▸ **EXERCISE MATERIALS**
───
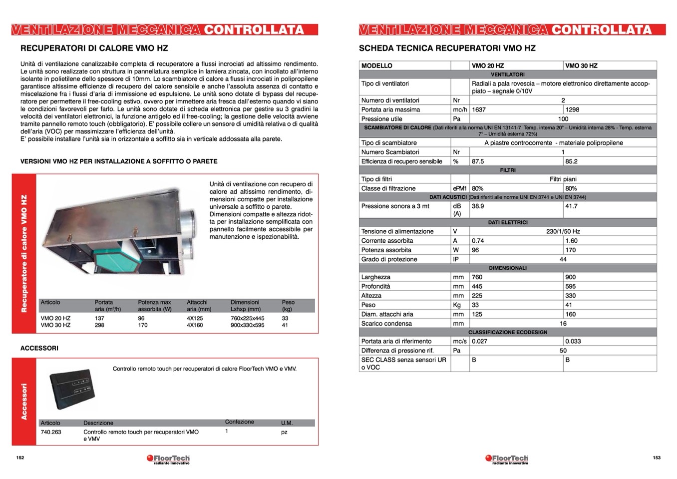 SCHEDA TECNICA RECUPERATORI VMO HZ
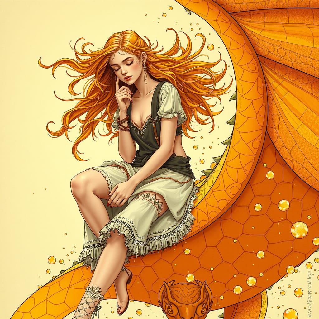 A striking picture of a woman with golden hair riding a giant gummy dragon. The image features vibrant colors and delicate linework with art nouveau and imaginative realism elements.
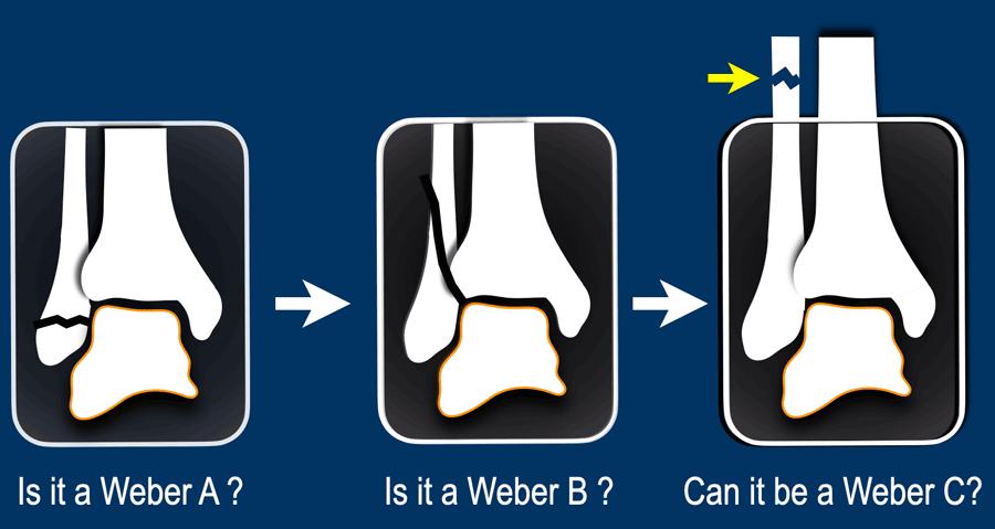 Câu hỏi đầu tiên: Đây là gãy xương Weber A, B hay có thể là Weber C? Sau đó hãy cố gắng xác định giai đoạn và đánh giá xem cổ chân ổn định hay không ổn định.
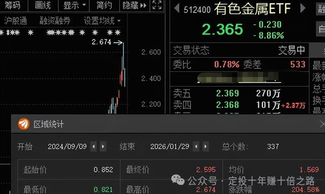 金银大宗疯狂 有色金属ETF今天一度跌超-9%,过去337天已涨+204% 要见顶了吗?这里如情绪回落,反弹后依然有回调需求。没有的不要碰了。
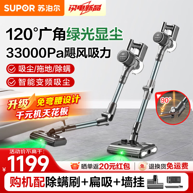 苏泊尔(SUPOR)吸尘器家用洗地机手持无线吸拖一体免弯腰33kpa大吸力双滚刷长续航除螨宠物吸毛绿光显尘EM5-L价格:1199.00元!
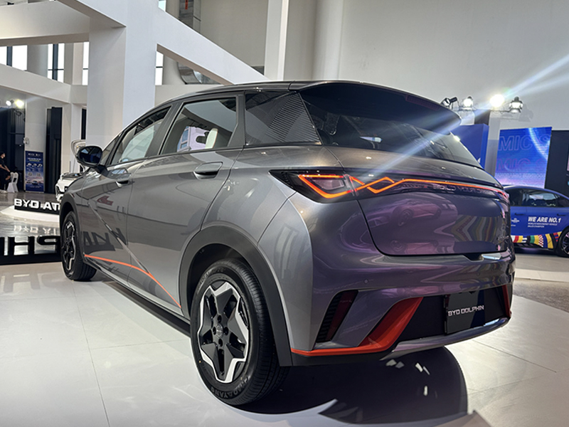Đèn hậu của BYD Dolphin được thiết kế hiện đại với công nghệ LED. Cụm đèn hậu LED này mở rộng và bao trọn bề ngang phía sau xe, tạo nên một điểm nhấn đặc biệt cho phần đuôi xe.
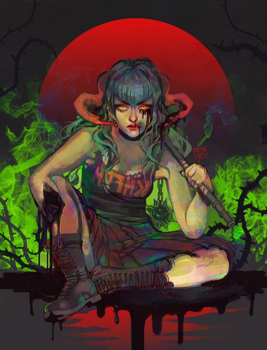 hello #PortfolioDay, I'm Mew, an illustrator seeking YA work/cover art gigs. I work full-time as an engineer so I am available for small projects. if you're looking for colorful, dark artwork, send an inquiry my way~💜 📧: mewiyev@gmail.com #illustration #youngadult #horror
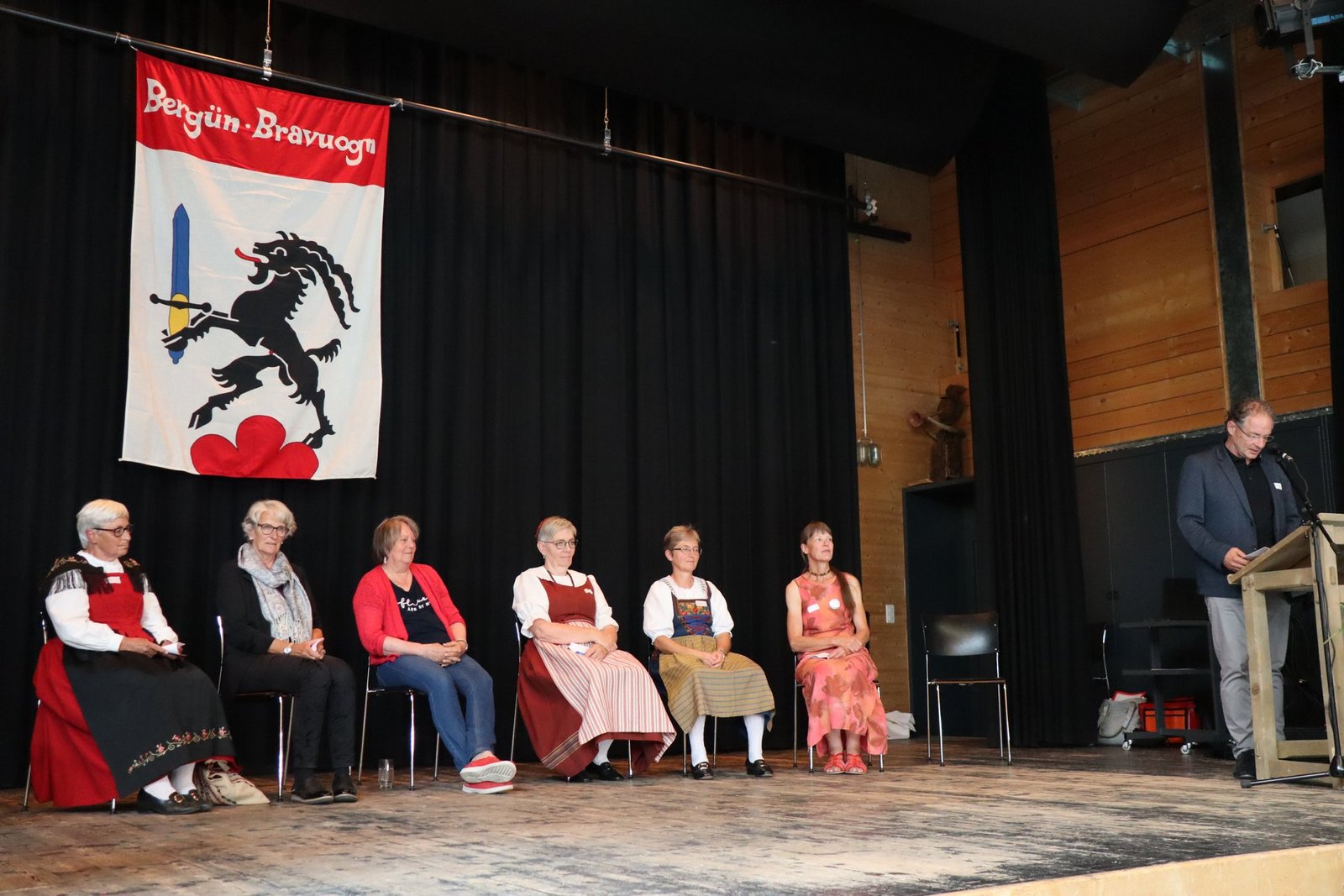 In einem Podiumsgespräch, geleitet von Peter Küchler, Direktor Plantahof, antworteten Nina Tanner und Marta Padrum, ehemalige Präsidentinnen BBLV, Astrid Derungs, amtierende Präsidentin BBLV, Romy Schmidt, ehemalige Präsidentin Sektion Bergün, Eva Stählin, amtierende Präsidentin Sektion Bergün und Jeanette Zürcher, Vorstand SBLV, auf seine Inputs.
───
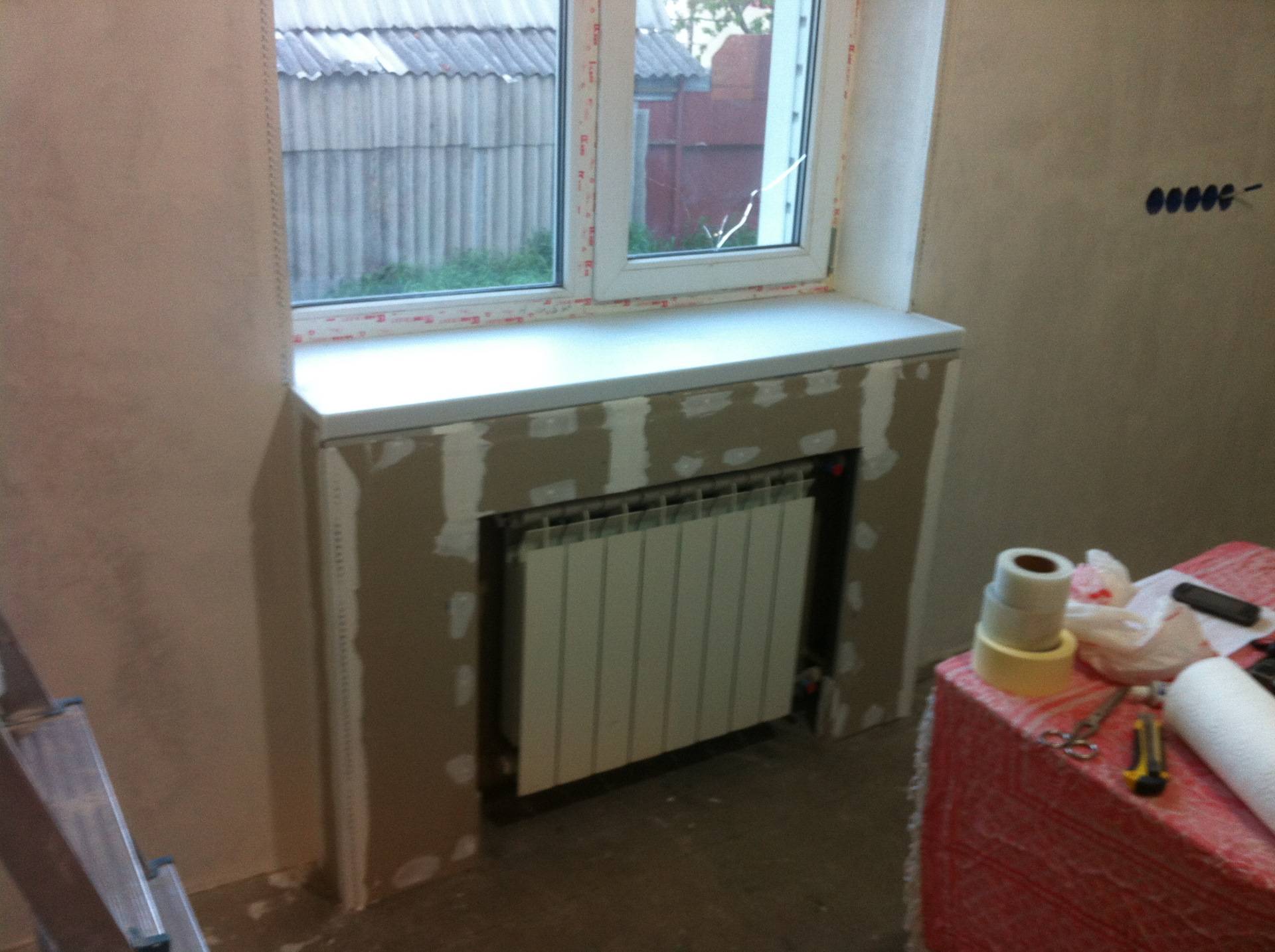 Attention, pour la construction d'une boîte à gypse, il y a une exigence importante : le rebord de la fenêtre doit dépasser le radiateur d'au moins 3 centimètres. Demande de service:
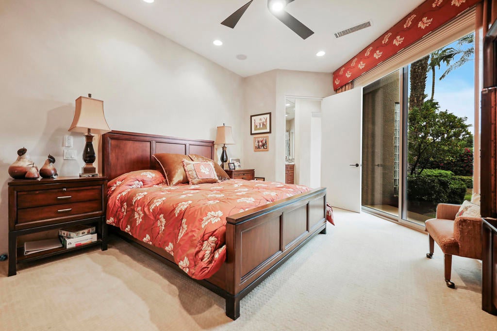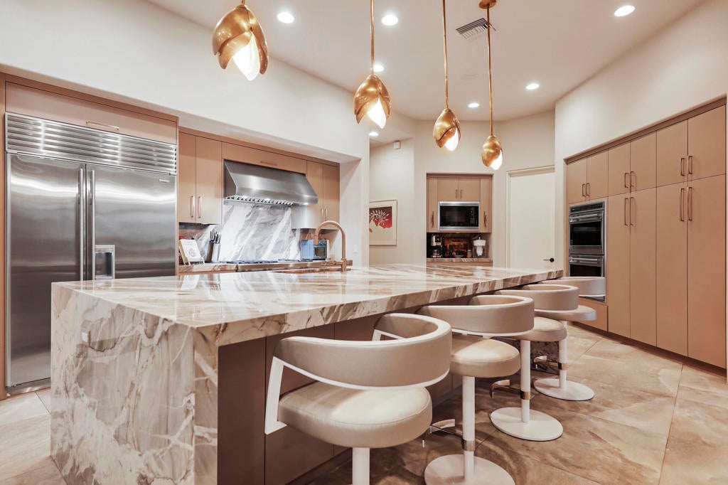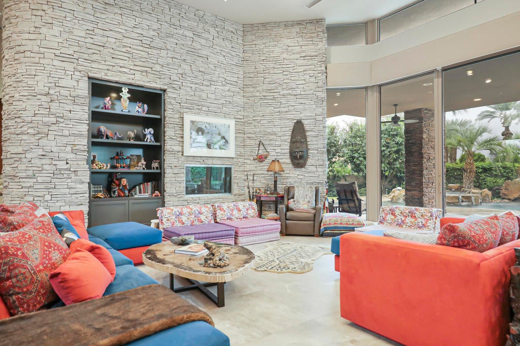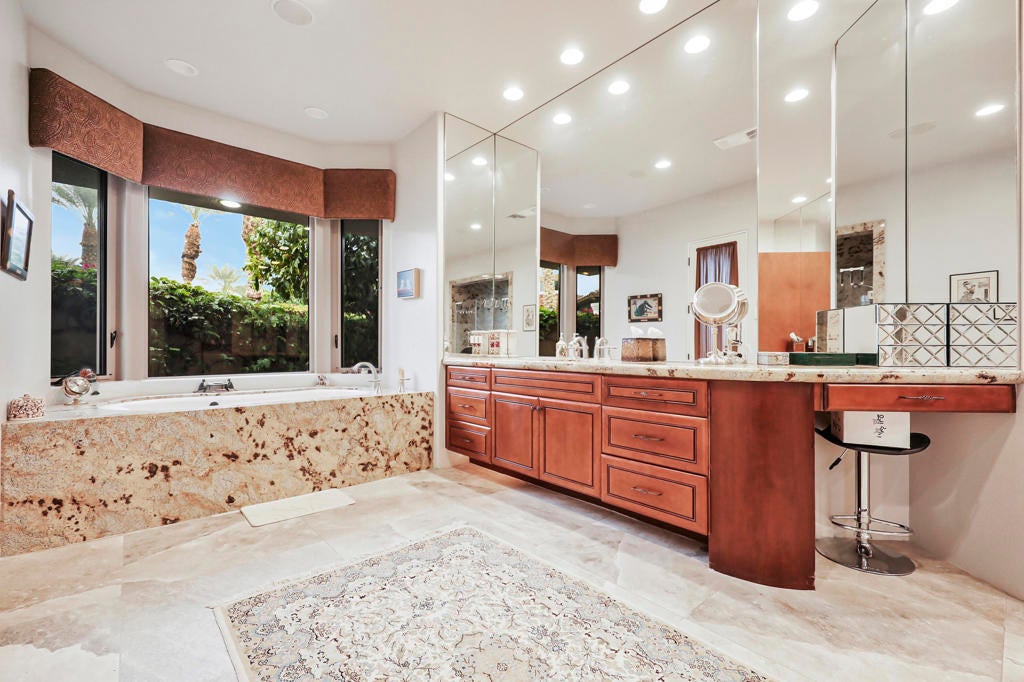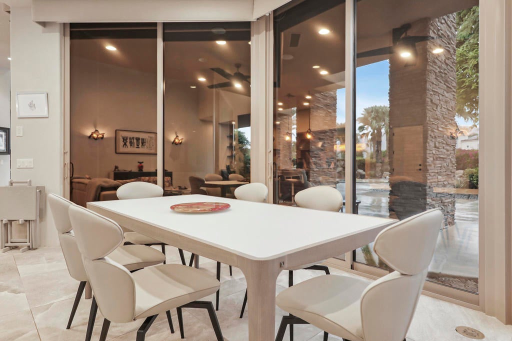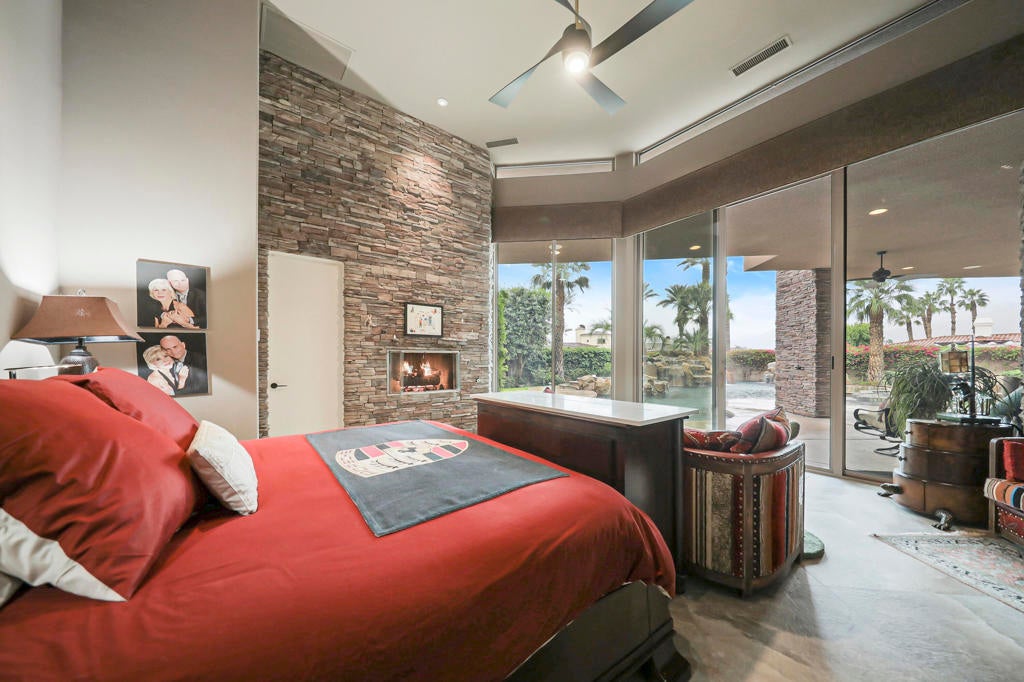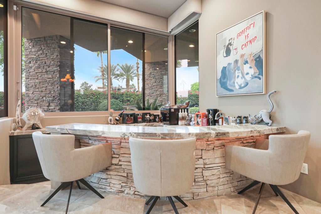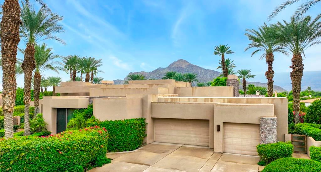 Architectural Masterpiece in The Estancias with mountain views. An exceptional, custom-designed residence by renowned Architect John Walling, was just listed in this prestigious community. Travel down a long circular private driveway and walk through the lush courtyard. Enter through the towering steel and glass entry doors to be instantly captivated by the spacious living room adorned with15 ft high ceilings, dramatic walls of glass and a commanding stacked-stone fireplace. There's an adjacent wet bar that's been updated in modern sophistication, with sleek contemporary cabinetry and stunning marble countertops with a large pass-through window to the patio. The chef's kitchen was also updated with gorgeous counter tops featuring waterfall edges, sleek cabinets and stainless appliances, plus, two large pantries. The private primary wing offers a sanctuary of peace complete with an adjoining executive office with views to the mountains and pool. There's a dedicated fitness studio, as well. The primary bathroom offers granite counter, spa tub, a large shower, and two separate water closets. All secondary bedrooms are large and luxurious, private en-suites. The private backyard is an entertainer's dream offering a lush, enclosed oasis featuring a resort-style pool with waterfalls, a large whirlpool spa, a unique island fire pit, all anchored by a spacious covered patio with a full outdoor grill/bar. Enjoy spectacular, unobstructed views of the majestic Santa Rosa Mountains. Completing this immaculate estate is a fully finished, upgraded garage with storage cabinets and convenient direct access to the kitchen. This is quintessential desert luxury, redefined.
───
▸ **THE PROBLEM**
Set down again, word for word, every line from the one with "SCHEDA TECNICA RECUPERATORI VMO HZ" to the one with "hello #PortfolioDay, I'm" in the entries above, and omit the pictures.

▸ **FINISHED EXERCISE**
 SCHEDA TECNICA RECUPERATORI VMO HZ
 A striking picture of a woman with golden hair riding a giant gummy dragon. The image features vibrant colors and delicate linework with art nouveau and imaginative realism elements.
 Câu hỏi đầu tiên: Đây là gãy xương Weber A, B hay có thể là Weber C? Sau đó hãy cố gắng xác định giai đoạn và đánh giá xem cổ chân ổn định hay không ổn định.
 金银大宗疯狂 有色金属ETF今天一度跌超-9%,过去337天已涨+204% 要见顶了吗?这里如情绪回落,反弹后依然有回调需求。没有的不要碰了。
 苏泊尔(SUPOR)吸尘器家用洗地机手持无线吸拖一体免弯腰33kpa大吸力双滚刷长续航除螨宠物吸毛绿光显尘EM5-L价格:1199.00元!
Đèn hậu của BYD Dolphin được thiết kế hiện đại với công nghệ LED. Cụm đèn hậu LED này mở rộng và bao trọn bề ngang phía sau xe, tạo nên một điểm nhấn đặc biệt cho phần đuôi xe.
 hello #PortfolioDay, I'm Mew, an illustrator seeking YA work/cover art gigs. I work full-time as an engineer so I am available for small projects. if you're looking for colorful, dark artwork, send an inquiry my way~💜 📧: mewiyev@gmail.com #illustration #youngadult #horror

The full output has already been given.